◆ Dataset records ◆
((

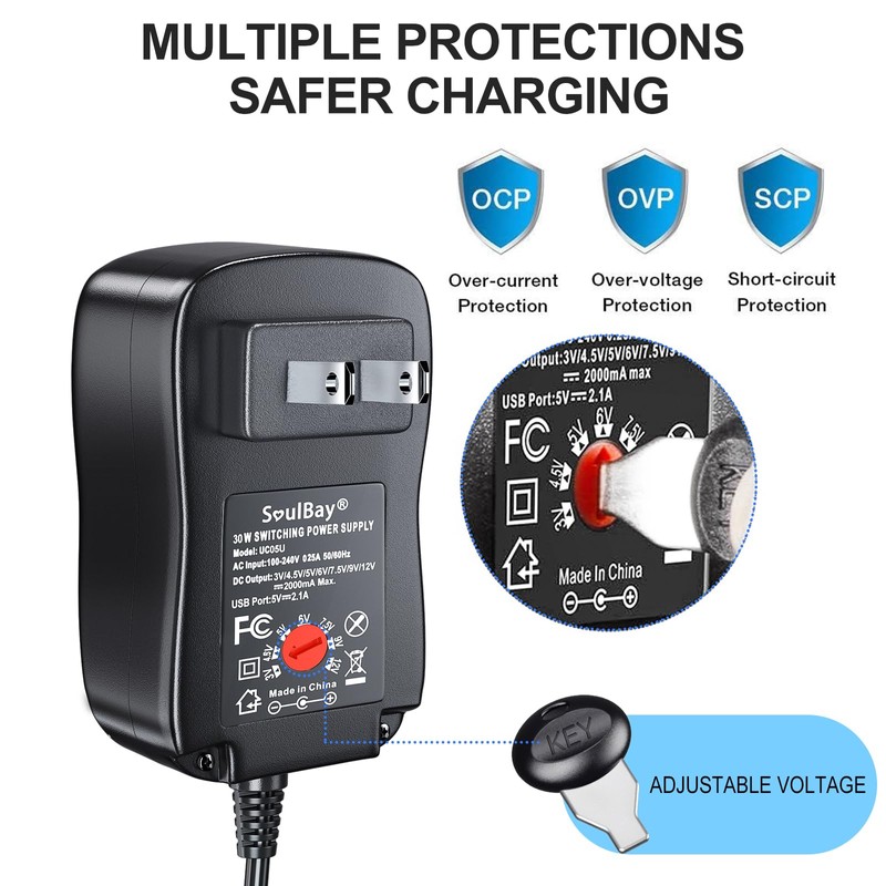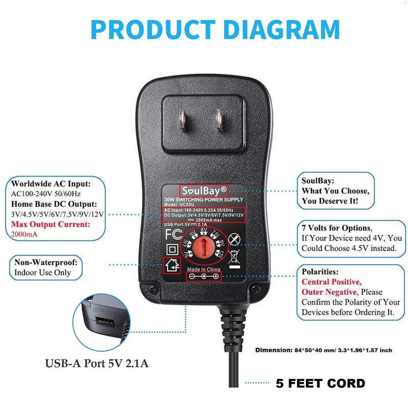 - ✅ SAFE AC/DC ADAPTER: Input: AC100-240V 50/60Hz, Output: DC 3V/ 4.5V/ 5V/ 6V/ 7.5V/ 9V/ 12V 0-2A, USB Port: 5V 1.2A, Cord: 5 FT. Smart chip with built-in advanced safety technology, with comprehensive protection against overvoltage/overcurrent/short circuit/overtemperature
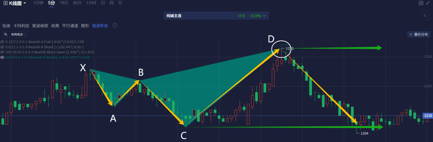 5分钟图,两个绿色三角形之间的行情为谐波形态中的熊市加特利形态,D点是潜在的反转区,形态形成后价格下跌,下跌空间为CD之间的任一位置,这波行情下跌的空间等于CD之间的距离。
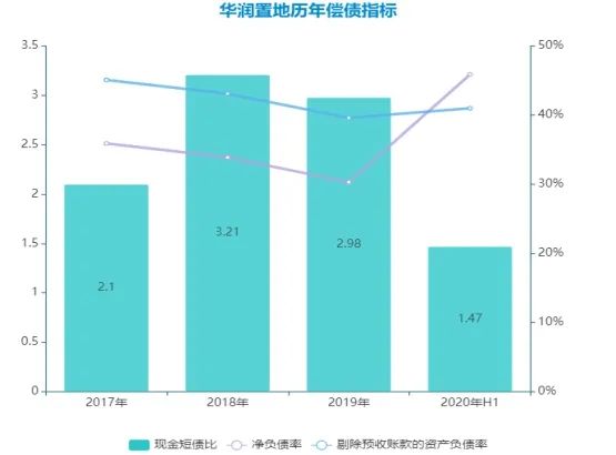 于2020年6月30日,华润置地净负债率45.9%,剔除预收账款的资产负债率41%,现金短债比1.47。
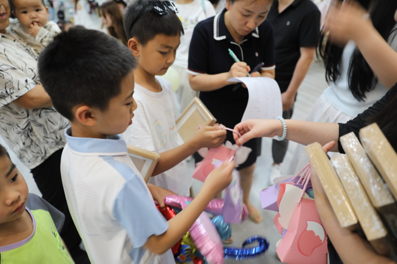 活动现场布置得童趣盎然,卡通装饰与孩子们的欢笑声交织成欢乐的海洋。党委副书记张庆生在讲话中表示,此次亲子活动不仅是一次家校共育的实践,更是学校关爱教职工、关注下一代成长的重要体现,希望通过活动增进教职工和孩子间的感情,让孩子们在轻松愉悦的氛围中收获快乐与成长。随后,在热烈的掌声与期待中,王勇副校长向在场的小朋友们致以节日的问候并宣布:“ky开元集团官网六一亲子活动开始!”将活动气氛瞬间点燃。孩子们在家长的陪伴下,尽情发挥想象力与创造力,完成了一件件充满童趣的手工作品;在游戏环节中,亲子搭档相互配合、齐心协力,现场加油声、欢笑声此起彼伏。
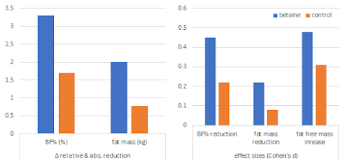 What is worth mentioning is that both treatment significantly reduced total body mass and body fat mass while increasing fat-free mass and muscle size. However, the betaine group had a significant edge in three out of four of these variables: The subjects in the betaine group lost an extra 1.6% body fat (-3.3+1.9%) compared to the placebo (1.7+1.6%) group, the saw greater reductions in total body fat and more pronounced increases in fat-free mass (45.4+6.1 vs. 47.9+5.9 kg), with the effect sizes for BF% (-.45 vs. -.22), FM (-.22 vs. -.08), and FFM (.48 vs. .31) telling you that only the betaine group scratched the value of d=0.5 that would signify a medium effect size.![]()
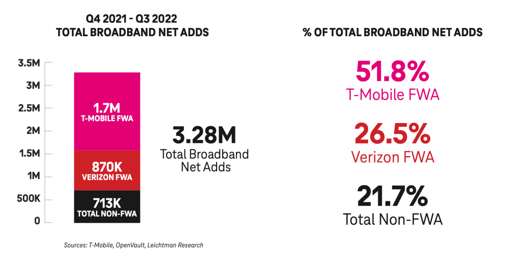 “Over the last year, most of the broadband industry’s net additions have come from fixed wireless, with T-Mobile leading the way. In Q3 alone, fixed wireless added 920K new subscribers, while top cable companies added roughly 40K subscribers.”
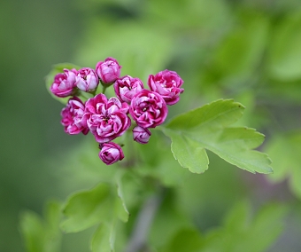 Une très belle Aubépine à fleurs semi-double rose foncé, presque rouge. Il s'agit d'un grand arbuste ou d'un petit arbre, qui peut pousser en tout terrain même très calcaire et très sec.

))

◆ Instructions for the task ◆
Omit every image. Quote each record exactly.

◆ Output for this exercise ◆
 - ✅ SAFE AC/DC ADAPTER: Input: AC100-240V 50/60Hz, Output: DC 3V/ 4.5V/ 5V/ 6V/ 7.5V/ 9V/ 12V 0-2A, USB Port: 5V 1.2A, Cord: 5 FT. Smart chip with built-in advanced safety technology, with comprehensive protection against overvoltage/overcurrent/short circuit/overtemperature
 5分钟图,两个绿色三角形之间的行情为谐波形态中的熊市加特利形态,D点是潜在的反转区,形态形成后价格下跌,下跌空间为CD之间的任一位置,这波行情下跌的空间等于CD之间的距离。
 于2020年6月30日,华润置地净负债率45.9%,剔除预收账款的资产负债率41%,现金短债比1.47。
 活动现场布置得童趣盎然,卡通装饰与孩子们的欢笑声交织成欢乐的海洋。党委副书记张庆生在讲话中表示,此次亲子活动不仅是一次家校共育的实践,更是学校关爱教职工、关注下一代成长的重要体现,希望通过活动增进教职工和孩子间的感情,让孩子们在轻松愉悦的氛围中收获快乐与成长。随后,在热烈的掌声与期待中,王勇副校长向在场的小朋友们致以节日的问候并宣布:“ky开元集团官网六一亲子活动开始!”将活动气氛瞬间点燃。孩子们在家长的陪伴下,尽情发挥想象力与创造力,完成了一件件充满童趣的手工作品;在游戏环节中,亲子搭档相互配合、齐心协力,现场加油声、欢笑声此起彼伏。
 What is worth mentioning is that both treatment significantly reduced total body mass and body fat mass while increasing fat-free mass and muscle size. However, the betaine group had a significant edge in three out of four of these variables: The subjects in the betaine group lost an extra 1.6% body fat (-3.3+1.9%) compared to the placebo (1.7+1.6%) group, the saw greater reductions in total body fat and more pronounced increases in fat-free mass (45.4+6.1 vs. 47.9+5.9 kg), with the effect sizes for BF% (-.45 vs. -.22), FM (-.22 vs. -.08), and FFM (.48 vs. .31) telling you that only the betaine group scratched the value of d=0.5 that would signify a medium effect size.![]()
 “Over the last year, most of the broadband industry’s net additions have come from fixed wireless, with T-Mobile leading the way. In Q3 alone, fixed wireless added 920K new subscribers, while top cable companies added roughly 40K subscribers.”
 Une très belle Aubépine à fleurs semi-double rose foncé, presque rouge. Il s'agit d'un grand arbuste ou d'un petit arbre, qui peut pousser en tout terrain même très calcaire et très sec.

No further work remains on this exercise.